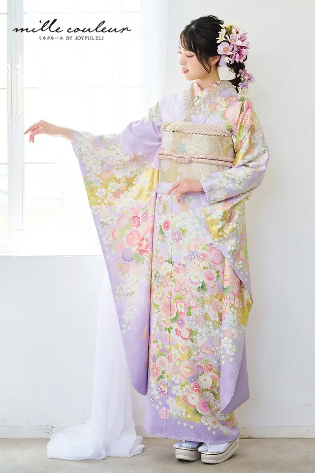 伝統的な吉祥文様をもとに創作した新感覚の古典柄振袖。格調高さとモダンさを併せ持った華やかな振袖です。ベースカラーのライラックと全体的に淡く優しい色調が透明感あふれフェミニンな印象に。
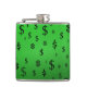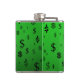 Este matraz presenta un montón de signos de dólar ($) en varios estilos diseminados por un fondo verde.
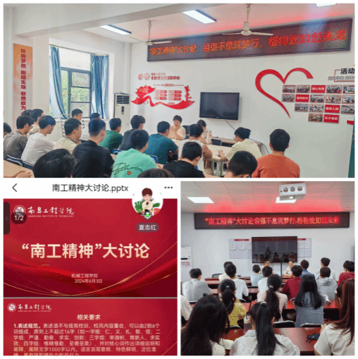 为深入挖掘和传承“南工精神”,近日,beat365英国官网通过“三会一课”、教职工政治理论学习、主题党日、主题团日、主题班会等多种形式,在教职工、学生党员、团员及校友中广泛开展“南工精神”大讨论。

Problem to solve: A faithful copy of all the data above, without its pictures, is the expected result.

Response below:
 伝統的な吉祥文様をもとに創作した新感覚の古典柄振袖。格調高さとモダンさを併せ持った華やかな振袖です。ベースカラーのライラックと全体的に淡く優しい色調が透明感あふれフェミニンな印象に。
 Este matraz presenta un montón de signos de dólar ($) en varios estilos diseminados por un fondo verde.
 为深入挖掘和传承“南工精神”,近日,beat365英国官网通过“三会一课”、教职工政治理论学习、主题党日、主题团日、主题班会等多种形式,在教职工、学生党员、团员及校友中广泛开展“南工精神”大讨论。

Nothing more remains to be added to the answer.